Market Analysis

With little expected to change on this year’s October crop report, the USDA’s modest decrease in its US soybean yield lead to a dramatic post-report rally that spread into the grains. With many expecting higher yields on this month’s crop update, investor short-covering set off speculative bean buying above November’s fall high pushing prices to their loftiest level since August 1. This fall’s slow US harvest west of Mississippi River and hot and dry conditions in Brazil’s largest province, Mato Grasso, delaying bean plantings may have lent some background support to the post-report price action, too.

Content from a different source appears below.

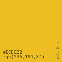 Цвет #ECBE22 в цветовой модели RGB обозначается тремя октетами (236, 190, 34) в десятичном формате и #ECBE22 в шестнадцатиричном (hex) формате, которые являются интенсивностью красного 236 (hex EC), интенсивность зелёного 190 (hex BE) и интенсивность синего 34 (hex 22).
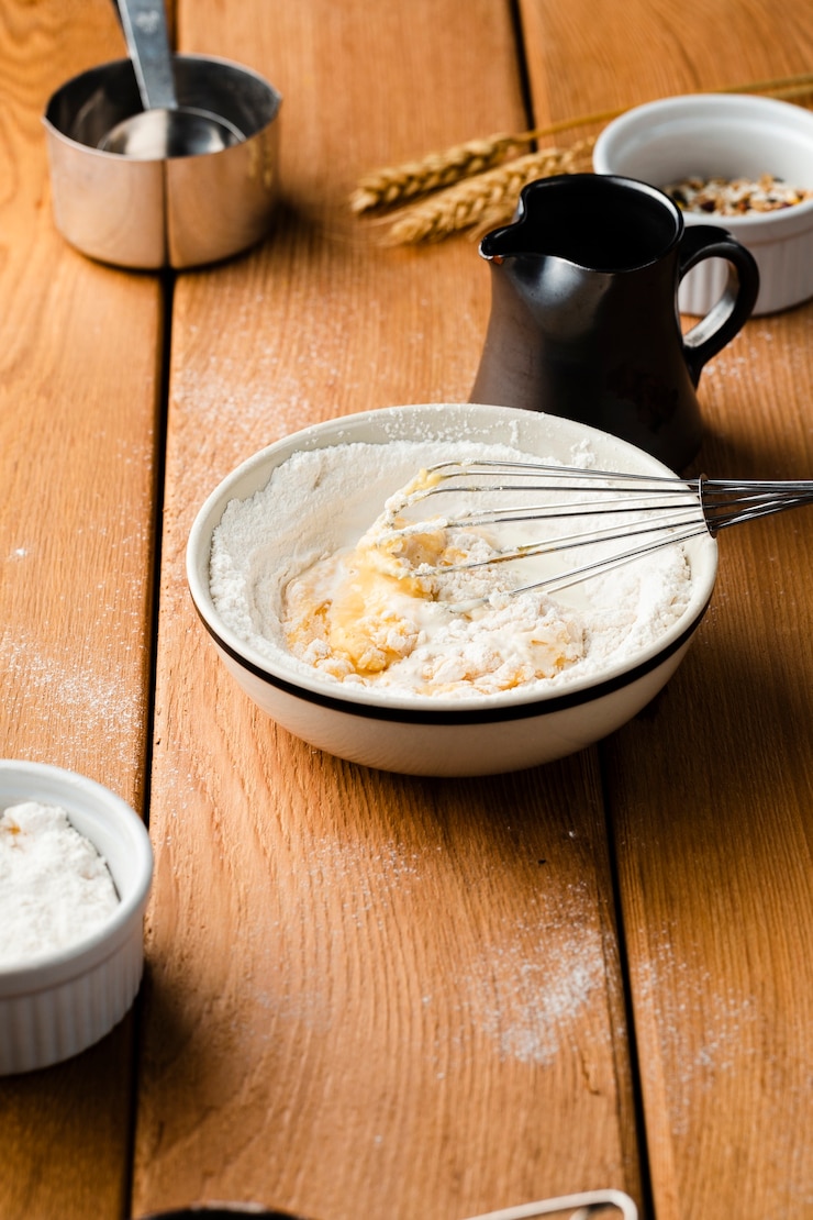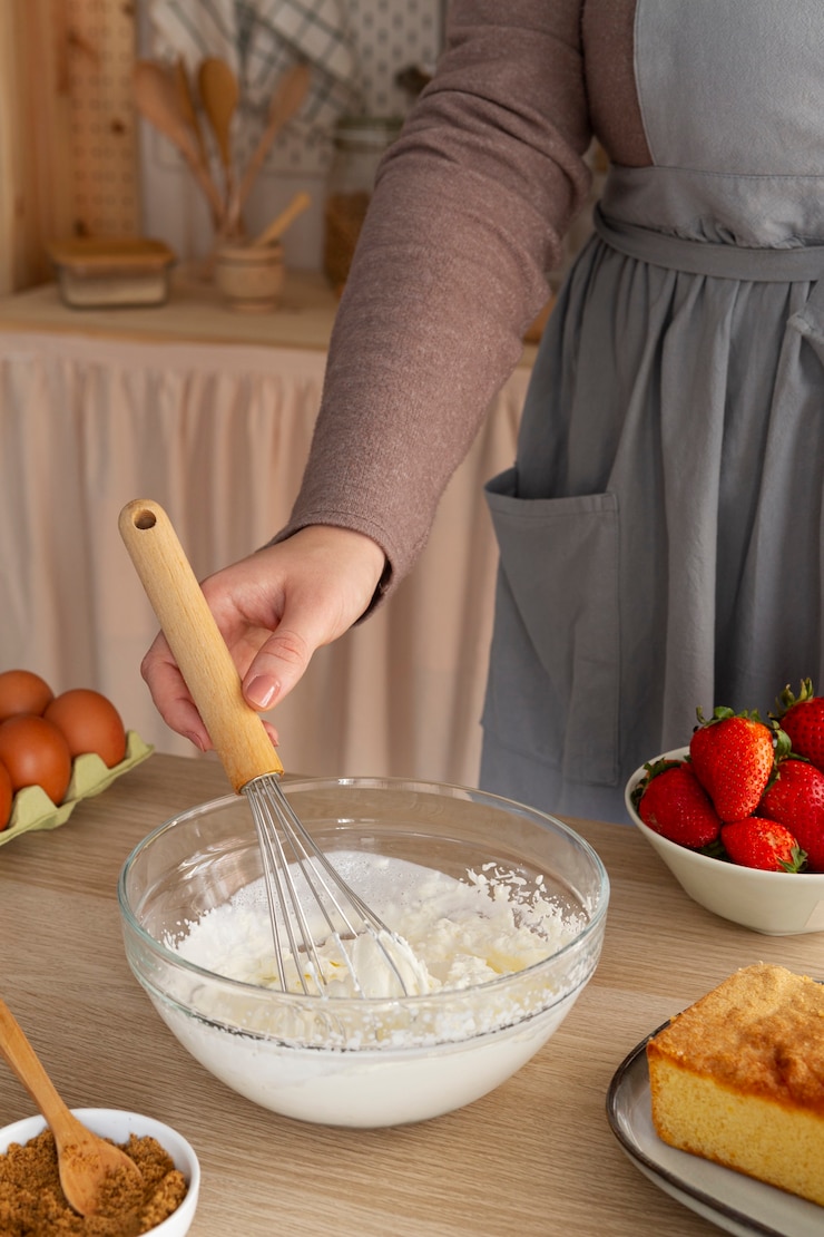 - Тесто вымешивают ложкой, консистенция получается не слишком плотной.

The USDA decreased its bean yield by 0.4 bu to 49.5 bu, and 16 million bu. below the trade’s output expectations (the 4th year below the trade’s average). However, beans’ 2017 harvested area was upped by 740,000 acres because of excessive spring rainfall delaying and eventually switching corn acres to beans. These added acres made up for October’s reduced yield keeping 2017’s crop at 4.431 billion bu., unchanged. The USDA didn’t adjust its 2017/18 demand levels this month, but last month’s 44 million lower 2016/17 ending stocks carried through for a smaller 430 million bu. stocks this month, below expectations, too. 

October’s corn yield increase was larger-than-expected by 1.7 bu. to 171.8 bu. which boosted 2017/18 crop size to 14.28 billion bu., 76 million larger than the trade’s average estimate. However, the USDA also sliced 377,000 acres from this feedgrain’s harvested area curtailing this month’s overall corn crop increase to 96 million bu. After last month’s smaller 55 million carryover supplies because of strong feed demand, corn’s overall supplies only rose by about 40 million bu. to 16.625 billion. The USDA also upped its new crop feed and industrial demand by 35 million so this month’s corn ending stocks increased only 5 million bu. despite 96 million larger crop.